Composers Derek Duke and Russell Brower intended the song to be the reward for the quest. Instead of a sword or a piece of armor, the player is rewarded with this amazing piece of musical art. There is a lot of amazing music in World of Warcraft. Entering any major city immediately makes me feel like I’m in an epic world. Hanging out in a Pandarian tavern with its playful energy and unique instruments always puts a smile on my face.But I have never had a more visceral reaction than the first time I heard Lament of the Highborne.
I played a lot of Halo back in the day, but it’s a franchise I haven’t spent much time with in years. That being said, nothing amps me up more than hearing the choral singing of “ohh oh ohhhhhhh” in the main Halo theme, right before the rest of the music kicks in and goes “duhn da duh duhhhhn! Duhn da DUH DUHhhn!”
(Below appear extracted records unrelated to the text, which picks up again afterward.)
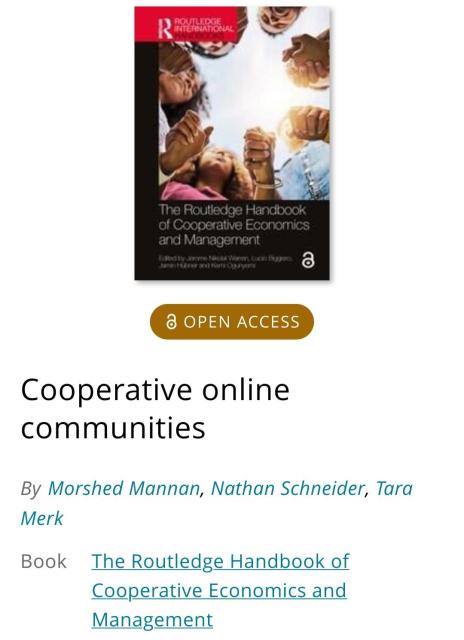 Just published! A book chapter with Morshed Mannan and Tara Merk on "Cooperative Online Communities," open acess for all: taylorfrancis.com/chapters/oa-…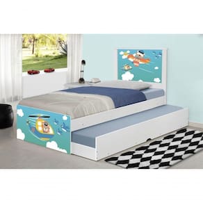 A Bicama Juvenil Barcelona Adesivada Patrulha Animal é belíssima e conta com um design funcional, que ocupa pouco espaço no ambiente. A Coleção Patrulha Animal foi desenvolvida por nossos designers oferecendo um visual exclusivo, descontraído e divertido ao ambiente. A cama auxiliar fica embaixo da principal e basta puxá-la por meio das corrediças para começar a fazer dela. É ideal para quartos pequenos e para caso precise de uma cama extra para receber um amigo, ou divida o dormitório com alguém. Feita em MDF e MDP e seu acabamento é feito com pintura UV brilhante tornando-a um produto resistente e com aspecto de novo por muito mais tempo. É uma excelente escolha para acomodar colchões de solteiro na medida de 188 cm x 88 cm de largura.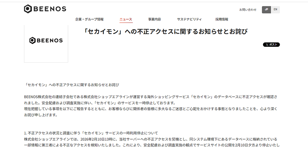 BEENOS株式会社は2026年2月13日、連結子会社の株式会社ショップエアラインが運営する海外ショッピングサービス「セカイモン」にて不正アクセスが確認され、サービスの一時停止を発表しました。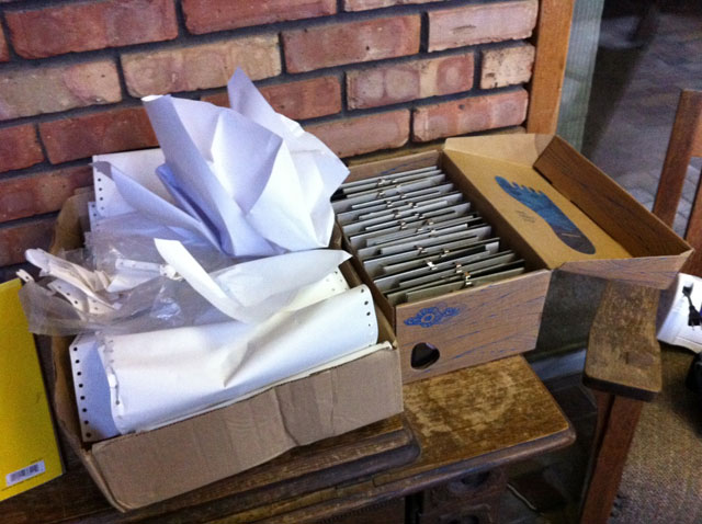 I have already found a way to make some of my clutter pay. One of my stored art projects, consisting of several 4×6″ photos in small clip frames, has been on my nerves lately. It has been stored in its original packing, which was optimal for moving, but less so for storage purposes. I found an underutilized Patagonia shoe box, which just happened to fit the entire project perfectly!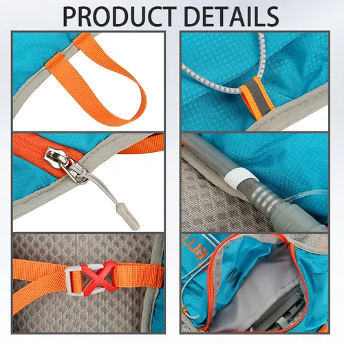 Technical Specifications:Feature Specification Color Blue Primary Material Durable Polyester (Water-Resistant Coating) Closure Zipper, Drawstring Compartments Main compartment, Front pocket, Two side pockets Special Features Hydration Bladder Sleeve, Hose Port, Reflective Logos, Adjustable Sternum Strap, Bungee Compression Cord Ideal For Trail Running, Hiking, Trekking, Cycling, Marathon, Outdoor Fitness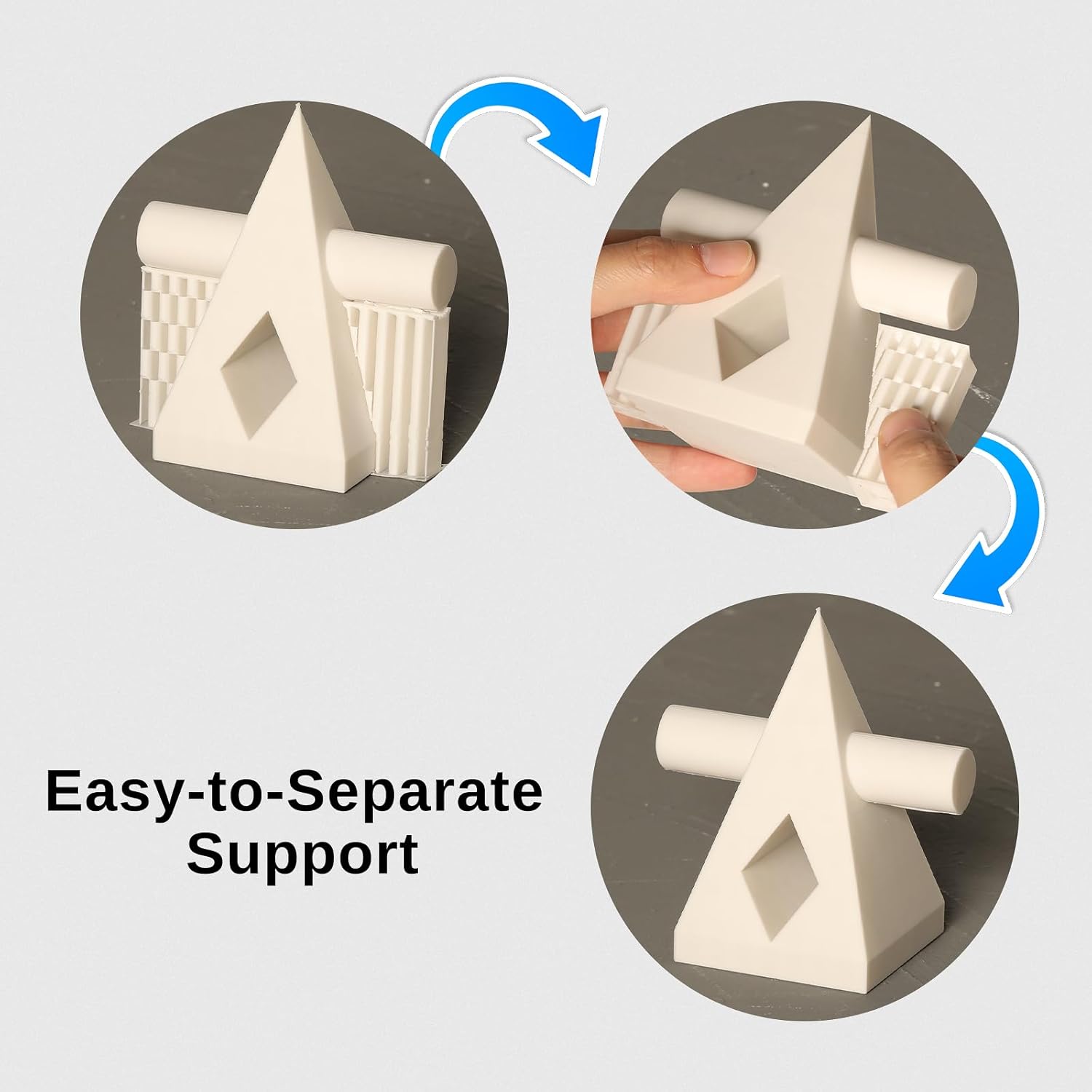- Leicht zu entfernende Stützstrukturen: Das Entfernen von Stützstrukturen ist bei Verwendung dieses Filaments ein schneller und einfacher Prozess. Sie können ohne Beschädigung des Modells darunter abgenommen werden, wobei alle feinen Details erhalten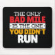 A Única Mile Ruim é a que você não executou - uma curiosa citação motivacional e inspiradora para um dia de corrida ruim, objetivo de RP que caiu abaixo, ou que atrasou o tempo de final de corrida. > Quer você seja treinador, treinador, atleta ou corredor de maratona de longa distância indo para um recorde de tempo, todos nós temos dias maus. Isto lembra-nos que continuamos a ser positivos! > Personalize-o! Adicione nome personalizado, foto ou texto.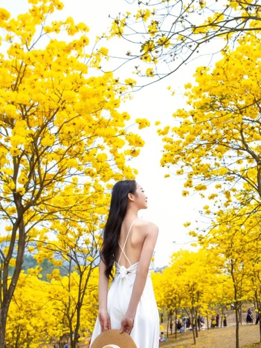 华南最大黄金风铃木立体花海,此处黄金风铃木种植超过五年。沿着粗壮的树干抬头望去,枝繁叶茂,一片金黄遮天蔽日,阳光经过花海过滤分外柔和,游人如置身童话隧道,却享受着春日意境独有的浪漫。
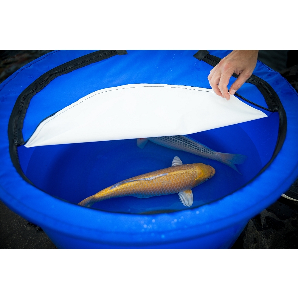 Door het spatwaterdichte materiaal kan er maar heel weinig water uit de bak spatten. Deze eigenschap is ideaal voor het vervoeren van vissen.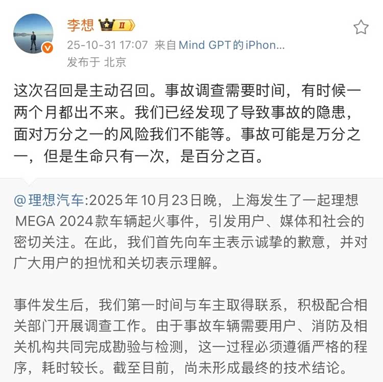 理想汽車創始人李想通過社交媒體表示:“我們已經發現了導致事故的隱患,面對萬分之一的風險我們不能等!”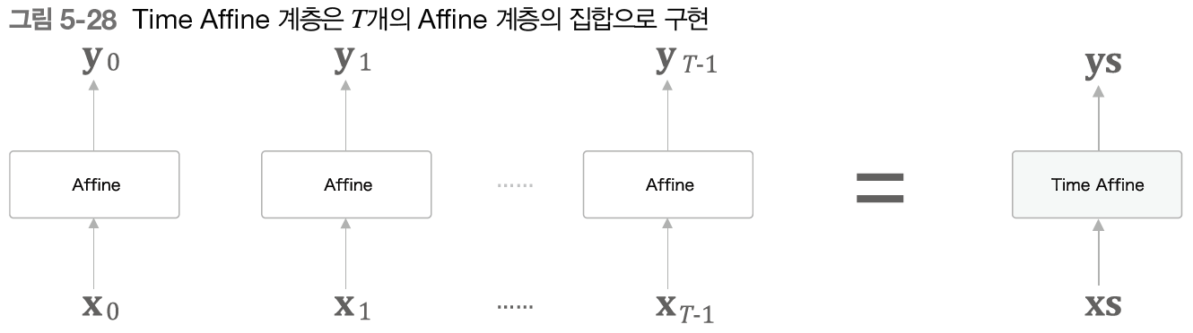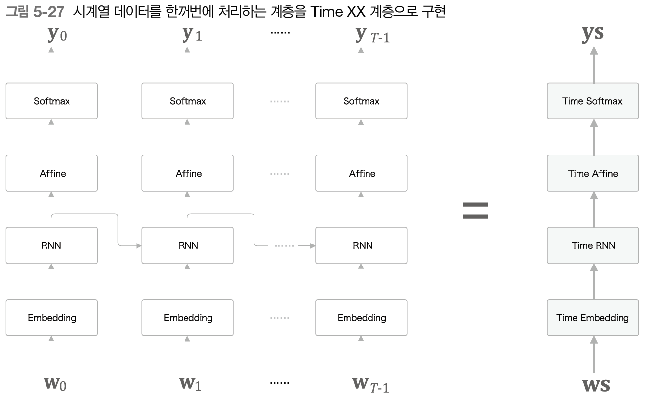 그림 5-27처럼 Time RNN뿐만 아니라 Time Affine, Time Softmax처럼 시계열 데이터를 한꺼번에 처리하는 계층을 구현해보자.
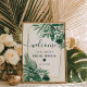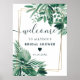 Panneau d'accueil de la douche nuptiale en aquarelle de palme vert tropicale, avec bordure géométrique en faux or.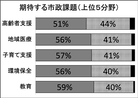 「次の市長に特に取り組みを期待するのは?」の問いで上位5つは(1)高齢者支援(35%)(2)地域医療(32%)(3)子育て支援(31%)(4)環境保全(27%)(5)教育(24%)だった。これらの市政課題で、いずれも牟礼氏が有権者の期待を集めた。今回のアンケートで設定した16の市政課題のうち、明石氏が上回ったのは「交通安全」の1項目のみだった。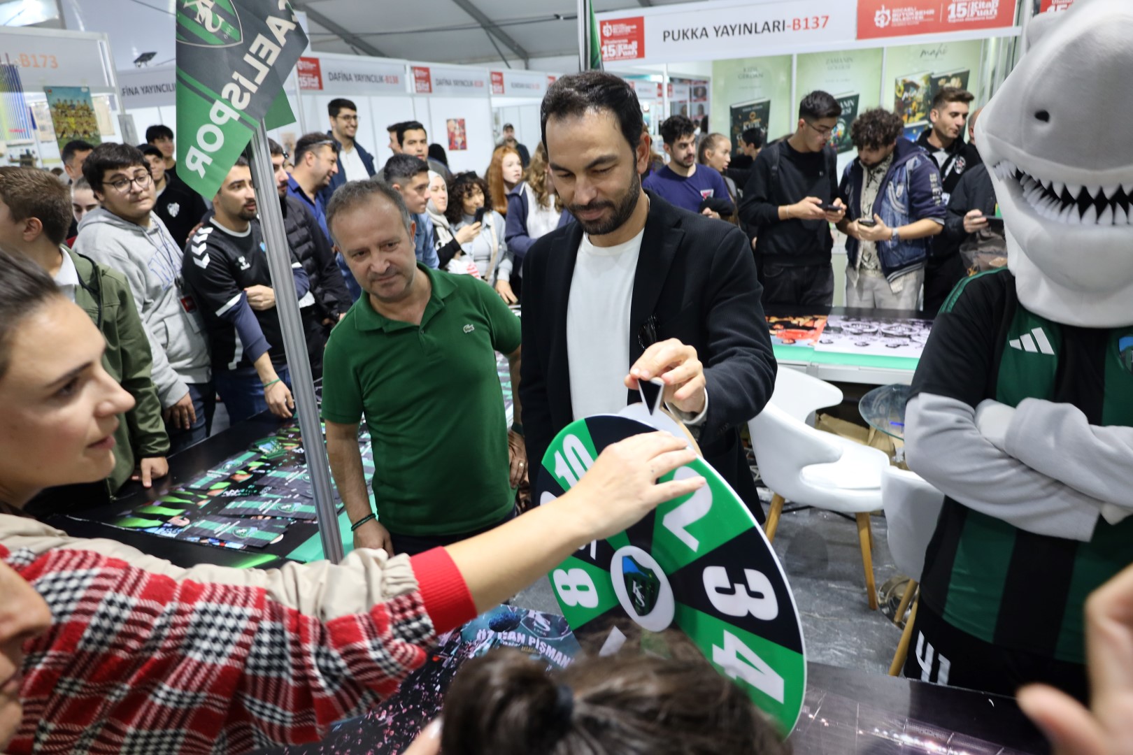 Uluslararası 15. Kocaeli Kitap Fuarı, tüm renkleriyle sürüyor. Söyleşilerden imza gününe, yarışmalardan panellere kadar birçok etkinliğin yer aldığı kitap fuarında bir hafta geride kaldı. Fuarın en renkli stantlarından olan Kocaelispor standı yeşil-siyahlı ekibin teknik direktörü Selçuk İnan, kaleci Gökhan Değirmenci ve Malili futbolcu Massadio Haidara’yı ağırladı.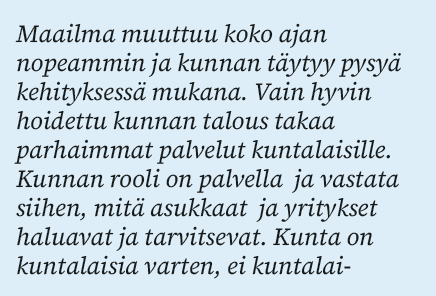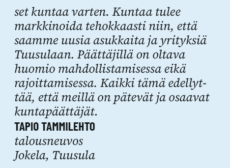 Kaiken tämän mahdollistaa vastuullinen taloudenpito. Verovarat on käytettävä tehokkaasti, ja Tuusulan veroprosentin on oltava kilpailukykyinen naapurikuntiin nähden. Näin varmistamme, että Tuusula on houkutteleva paikka asua ja yrittää.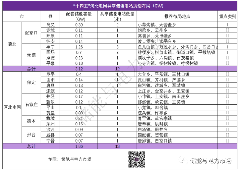在全面調研河北實際情況后,《方案》將河北省各縣區(qū)分成了一類、二類兩類區(qū)域,一類區(qū)域可配置2-3個儲能電站,二類區(qū)域可配置1個儲能電站。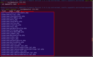 Now we need to find PHP files present in the firmware. This can be done using following command -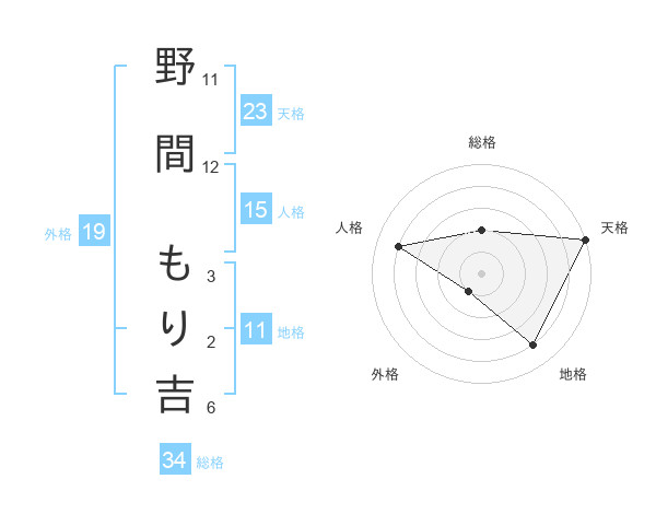 野間 もり吉さんを姓名の画数から五運を鑑定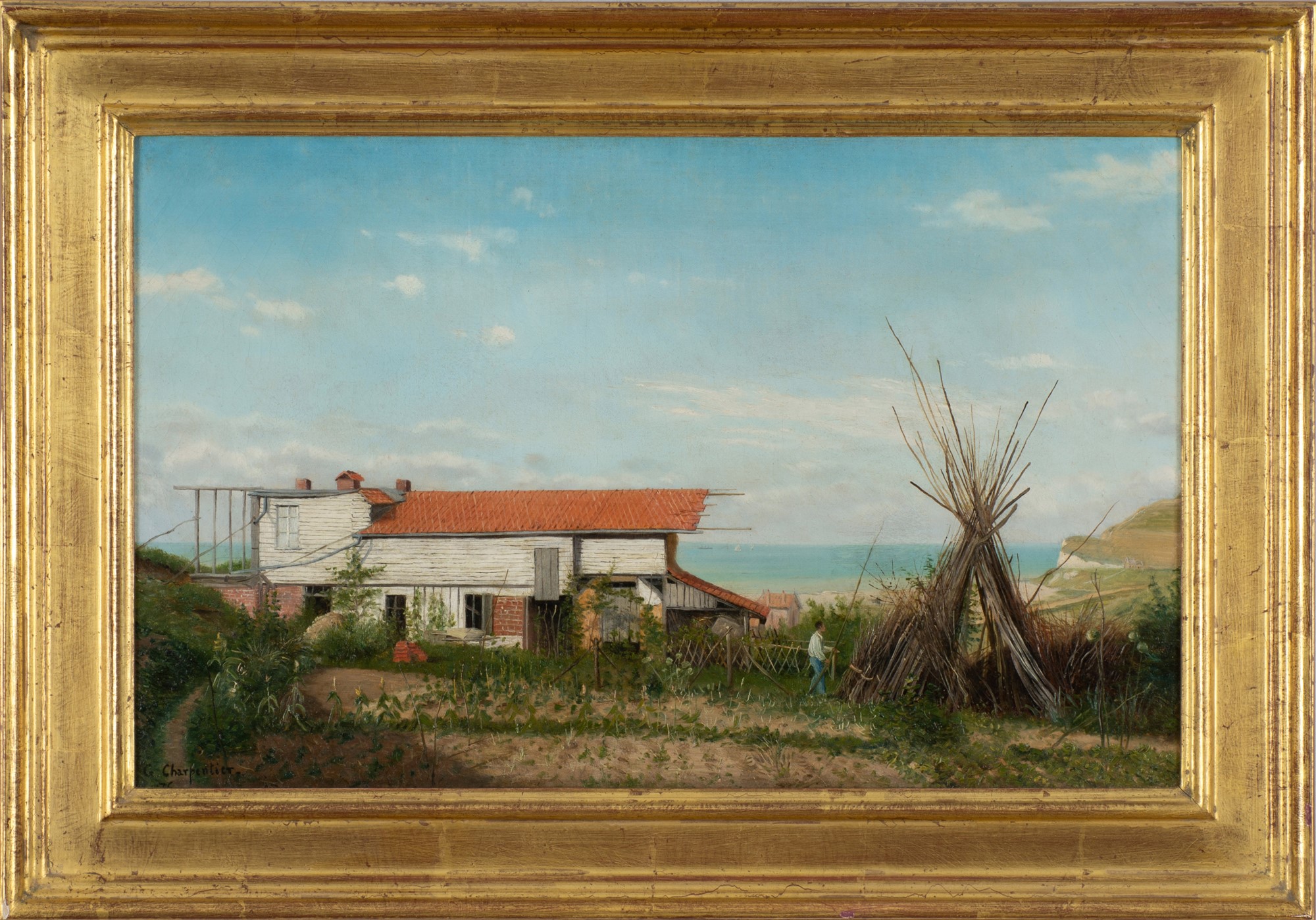 This beautiful and very highly detailed painting is most likely a Summer house on the northern coast of France. The house appears to still be under construction as a man walks past a vegetable garden on his way to add another pole to poll stack. In the landscape beyond, other more substantial buildings can be seen an there are three boats on the ocean defined horizon line at the center of the composition.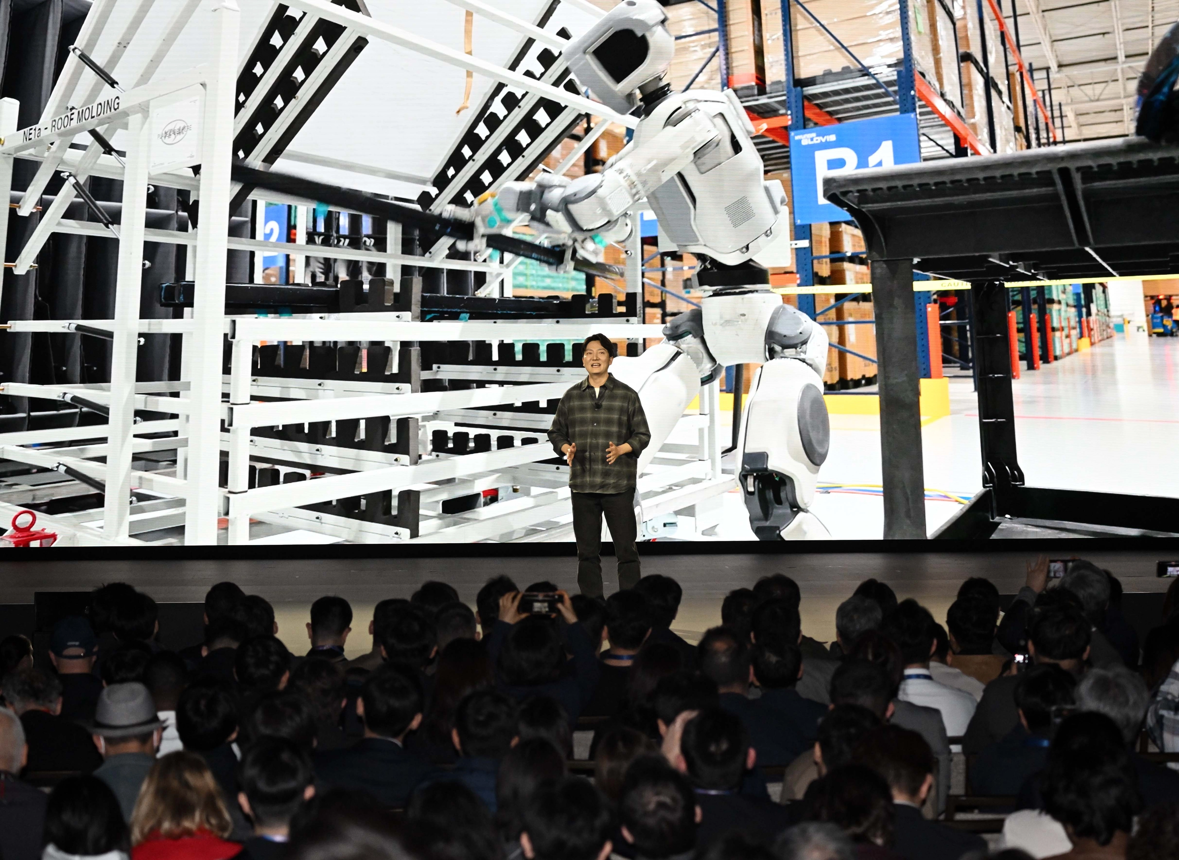 세계 최대 가전·정보기술(IT) 전시회 ‘CES 2026’ 개막을 하루 앞둔 5일(현지시간) 미국 네바다주 라스베이거스 만달레이베이에서 열린 현대차그룹 프레스 컨퍼런스에서 우승현 현대차그룹 GSO 미래전략담당 팀장이 기조연설하고 있다. 현대차를 비롯해 많은 국내외 기업들이 다양한 기능의 피지컬 AI를 선보이면서 올해가 피지컬 AI 상용화의 원년이 되 것이라는 기대가 커졌다. 라스베이거스 연합뉴스

There’s a quiet calm in the moments between the peaceful singing and the head-banging notes that follows that takes me back to spending hours in blood gulch when I was a kid. As I anticipate the guitar kicking in, Master Chief himself may as well be reaching out of the screen and saying “hey kid, you ready to blow some stuff up?”
Portal, Still Alive
My real choice was also the opening theme for Halo, but since Troy stole it I’m going to go in a completely different direction: “Still Alive,” the end credits song from Portal. While we all tend to remember the triumphant score and heart-thumping action music that gets us ready and raring to slaughter space cyborg zombie mutants or whatever, we can’t forget some of the brilliance that is the tongue-in-cheek genre of comedy video game music.
Minor spoilers, but this game came out 13 years ago, and context is key. “Still Alive” plays at the end of the game, after the final boss has supposedly been defeated and the credits roll. As you see lyrics start to appear on screen the airy, robotic female voice of our antagonist sings them to us: “This was a triumph. I’m making a note here: HUGE SUCCESS.” Who knew a computer-generated voice could drip with so much sarcasm?
I’ve been at cons where full crowds of geeks have sung along to “Still Alive.” It’s not just a great video game song; it’s a pivotal tunein the ever-growing soundtrack of geek culture.
Resident Evil, Save Room
When roaming the spooky environments of Capcom’s Resident Evil games, you can cut the tension in the air with a knife. However, every once in a while, you carefully open a door and instead of bearing witness to yet another unspeakable horror, you’re granted a fleeting bit of respite in the form of a save room.
Before your eyes can even focus on the scenery of the save room itself, a calm yet still mildly haunting tune hits your ears to inform you that everything will be ok… for the next few minutes at least.
While Resident Evil’s save room music is unremarkable on its own, in the context of the game, the power it has to immediately change how the player feels is profound. Listening to it in preparation to write this piece, I could just feel my neck and shoulders relax a little as soon as I hit play, purely based on my memory of this music’s impact in the game.
When I think about what sets video games apart as an artform, one of the most distinct examples I can think of is the relationship between a player’s emotions and just a few notes of music, a relationship that is expertly demonstrated by Resident Evil’s save tune.
These are some of our favorite video game tracks, but what about you?